The net gain of RMB92.6 million for Q1 FY2013 primarily arose from the transition from leafy to solanaceous products.As the leafy season ended and the solanaceous season started during the first fiscal quarter, most of the crops on our farm land as of September 30, 2012 were higher value solanaceous products, while most of the crops on our farm land as of June 30, 2012 (the immediately preceding reporting period end) were lower value leafy products, resulting in a positive net impact.
The larger positive net impact for Q1 FY2013 compared to that of a year ago was primarily due to (1) higher expected selling prices for products on our land as of September 30, 2012 compared to September 30, 2011 and (2) a larger area of solanaceous product planted as of September 30, 2012 compared to a year ago.
Our packing expenses increased by RMB1.0 million, or 17.6%, to RMB6.4 million (US$1.0 million) for Q1 FY2013, compared to RMB5.5 million a year ago, primarily due to an increase of RMB1.0 million in packing materials consumed, as a result of more sales to institutional customers.
Our land preparation costs increased by RMB5.7 million, or 50.7%, to RMB16.9 million (US$2.7 million) for Q1 FY2013, compared to RMB11.2 million a year ago, which was primarily due to (1) an increase in greenhouse coverage which increased the unit land preparation cost, (2) an increase in the amount of land in reserve or under construction due to new farm bases added, and (3) an increase in the area of land dedicated to solanaceous production, which led to an increase of land resting and sanitation and land preparation for planting in the month of August and September.
Our selling and distribution expenses decreased by RMB0.5 million, or 10.9%, to RMB4.4 million (US$0.7 million) for Q1 FY2013, compared to RMB4.9 million a year ago, which was primarily due to the offsetting effects of (1) a decrease of RMB0.6 million in salary and commission payments as we ceased our concessionary sales in Hong Kong and (2) an increase in transportation costs of RMB0.4 million.
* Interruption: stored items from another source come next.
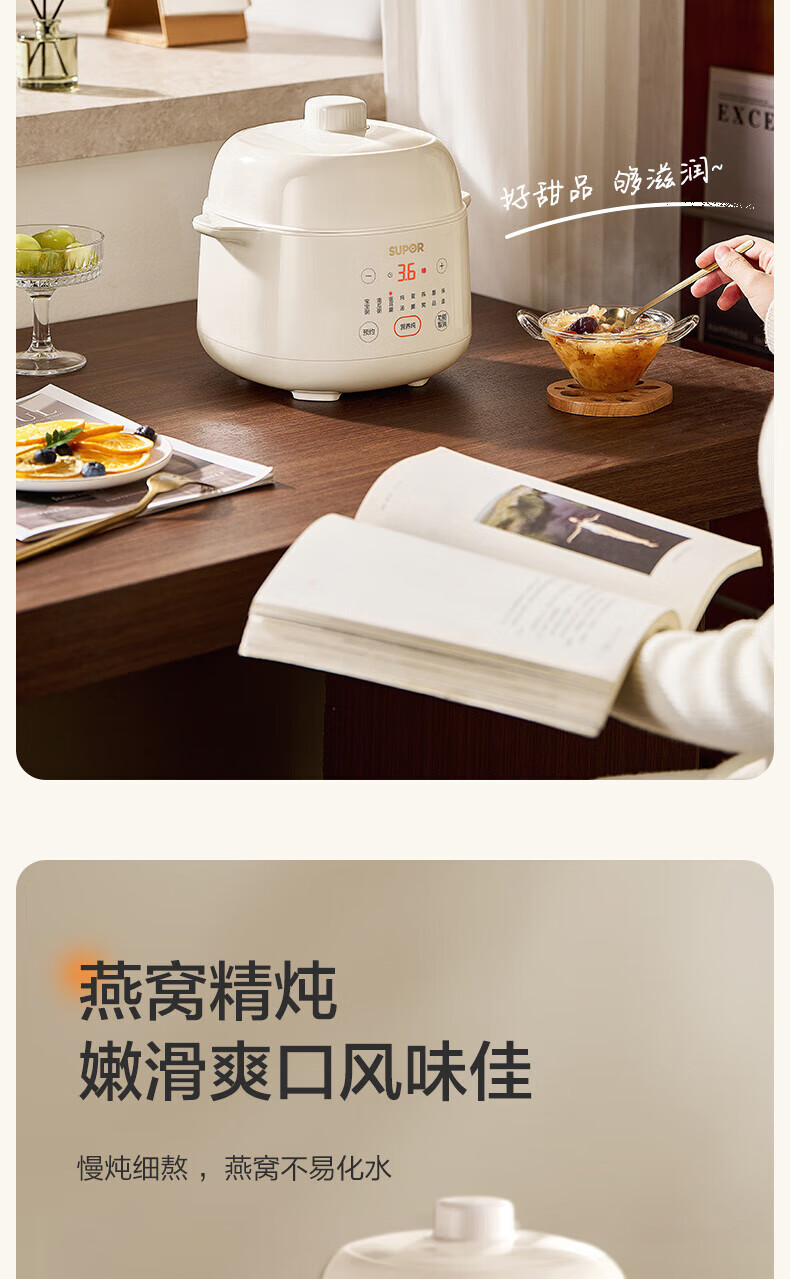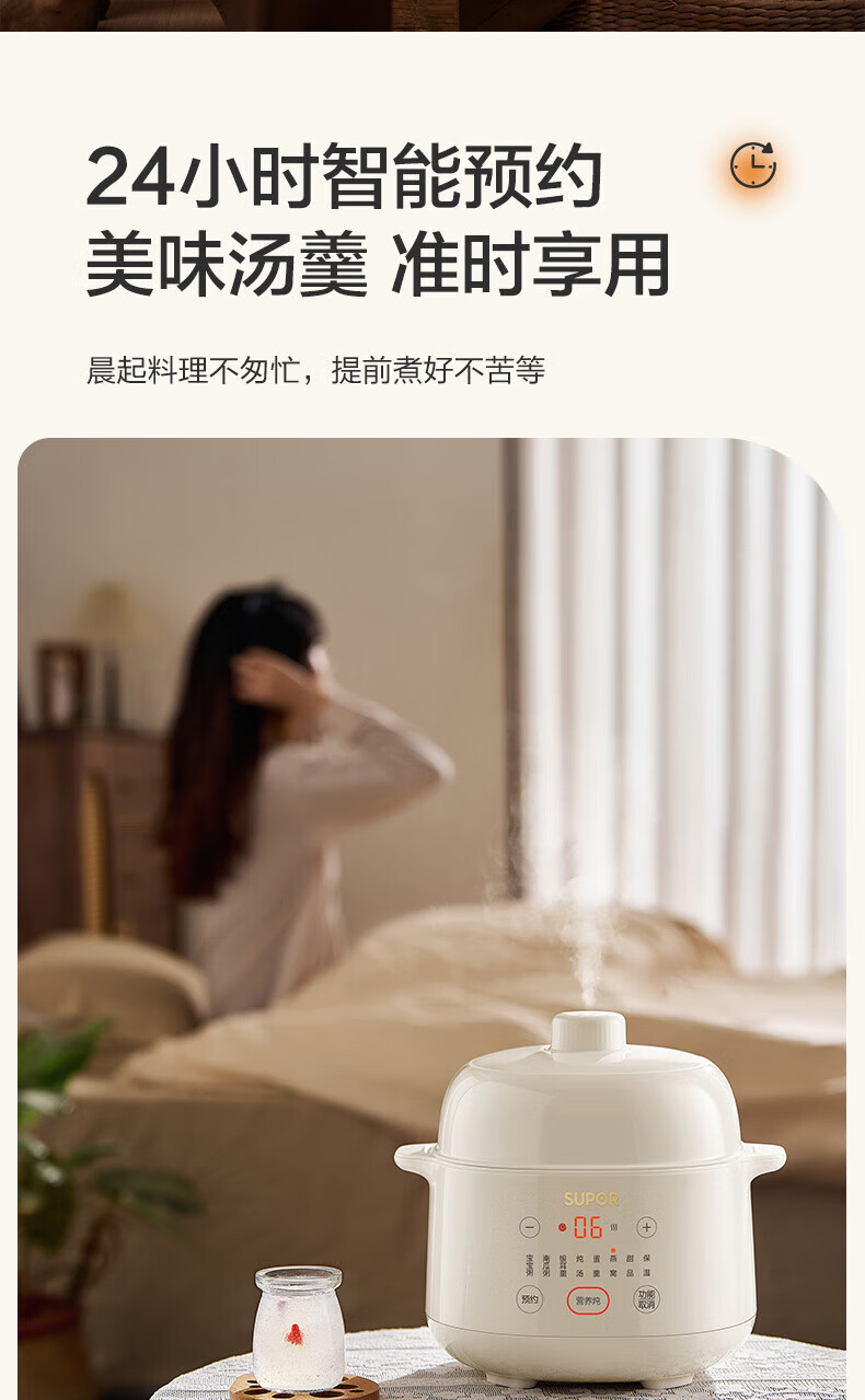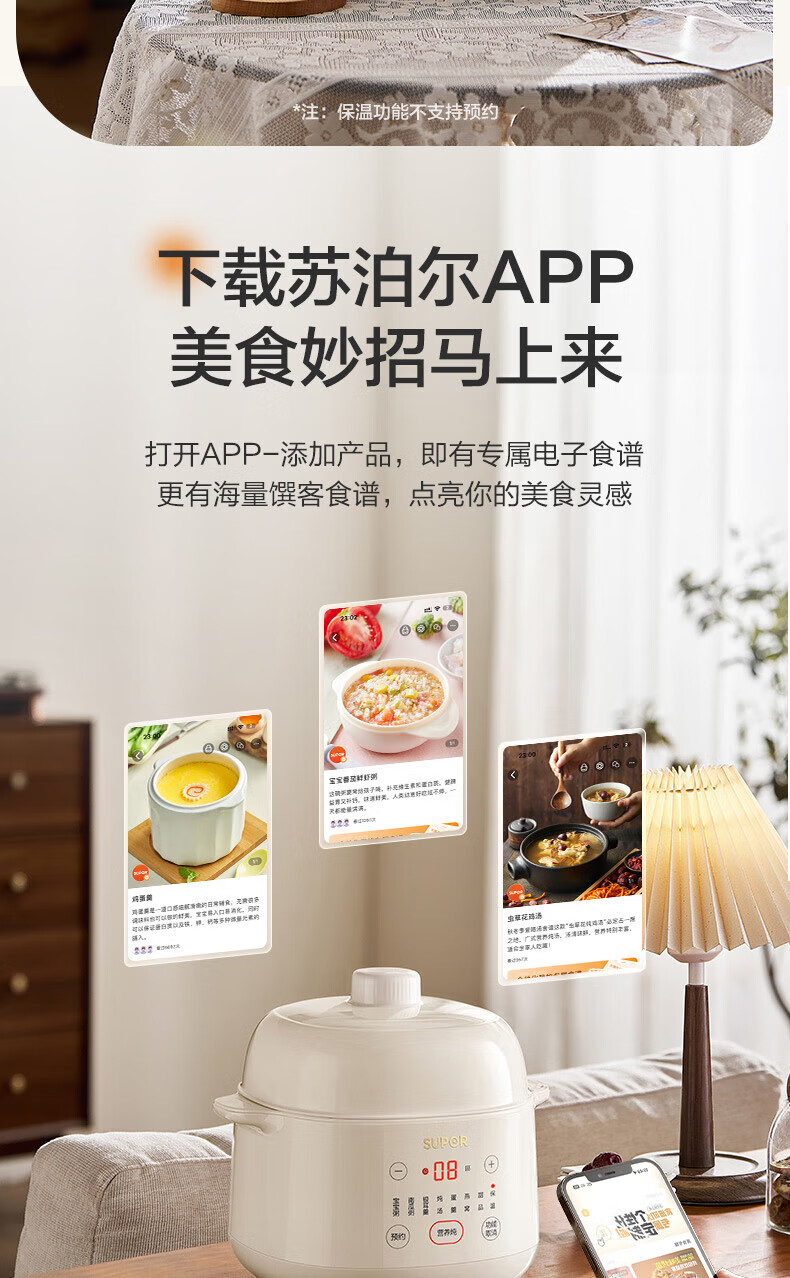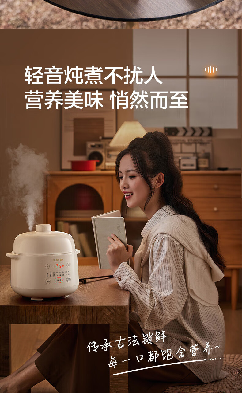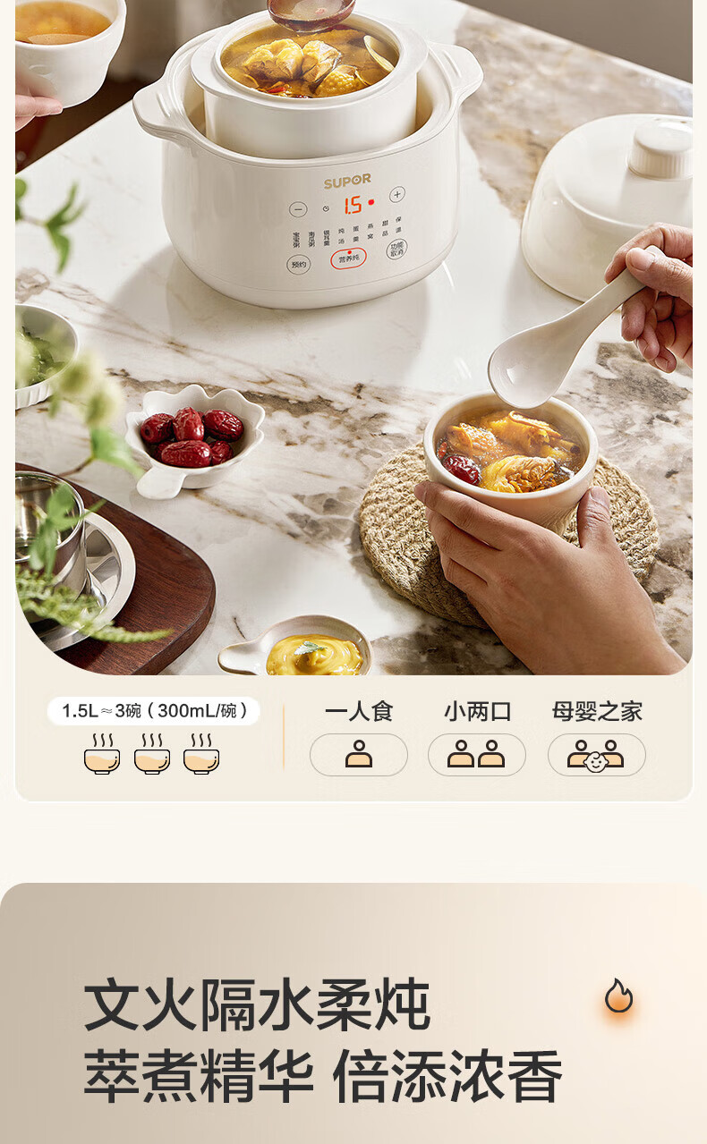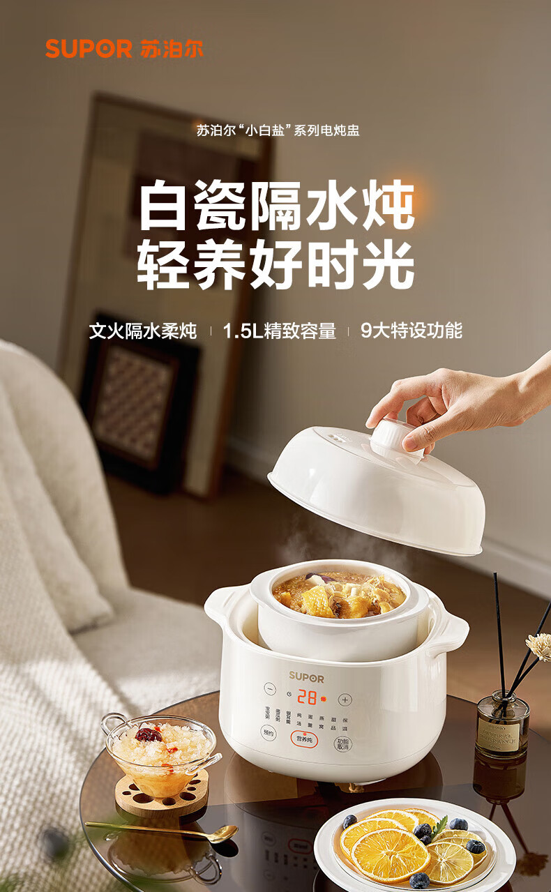 SUPOR electric stew pot, household fully automatic intelligent electric stew pot, water-proof stew pot, bird's nest stew pot, inner pot for cooking porridge, soup, stew, casserole, egg boiling artifact steamer 1.5L
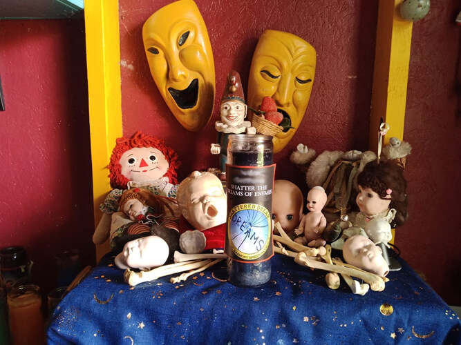 The Altar of Broken Dreams is a section of Divine Harmony Spiritual Church that is devoted solely to Jinx work. The altar is home to a large collection of children's dolls - each one with a grim backstory. Over the course of a lifetime, Reverend Saint Germain has collected these dolls from broken families, tragic deaths, cursed or jinxed households, found in haunted buildings, destroyed in catastrophic acts of nature, one from a family who begged the Reverend to take it off their hands. Some were privy to the last words of dying individuals. These dolls have witnessed the worst of mankind's misfortunes and depravities and, when properly enticed, will pass them on to the target of your anger.
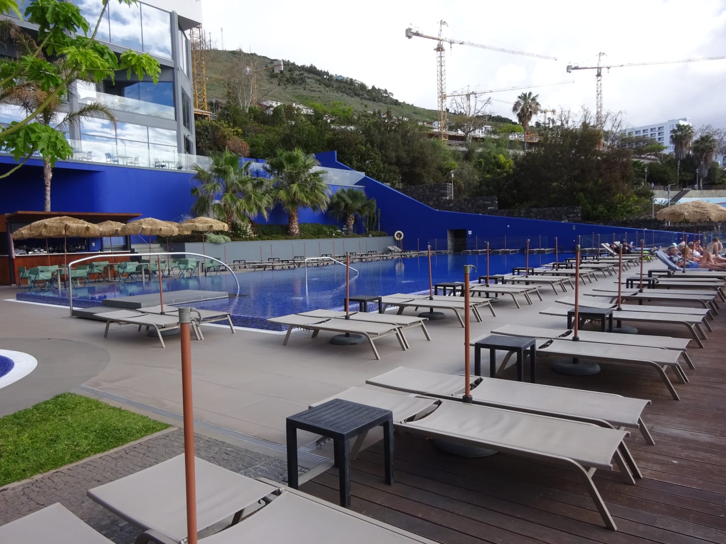 Pool mit Baustelle im Hintergrund

Our administrative expenses decreased by RMB3.9 million, or 26.5%, to RMB10.9 million (US$1.7 million) for Q1 FY2013, compared to RMB14.8 million a year ago, primarily due to a decrease of RMB4.2 million in equity-settled share-based compensation.
As a result of the foregoing factors, profit for Q1 FY2013 increased by 16.1%, to RMB101.4 million (US$16.1 million) for Q1 FY2013, compared to RMB87.3 million a year ago.
Adjusted profit for the period decreased by 64.1% to RMB11.7 million (US$1.9 million) for Q1 FY2013, compared to RMB32.6 million a year ago.
Basic and diluted earnings per share were RMB4.44 cents (0.71 US cents) for Q1 FY2013.Basic and diluted earnings per ADS were RMB222.0 cents (35.32 US cents) for Q1 FY2013.
Our operating cash inflow decreased by 44.2 million, or 84.3%, to RMB8.2 million (US$1.3 million) for Q1 FY2013, compared to RMB52.4 million a year ago, primarily resulting from (1) a decrease of RMB33.2 million in cash received due to an increase in trade receivables balance from June 30, 2012 to September 30, 2012, as well as the decrease in revenue during the current period, and (2) an increase of RMB11.0 million in cash paid for our operating expenses and production cost, primarily due to an increase in inventory and plantation costs as of September 30, 2012 as we have commenced the solanaceous season.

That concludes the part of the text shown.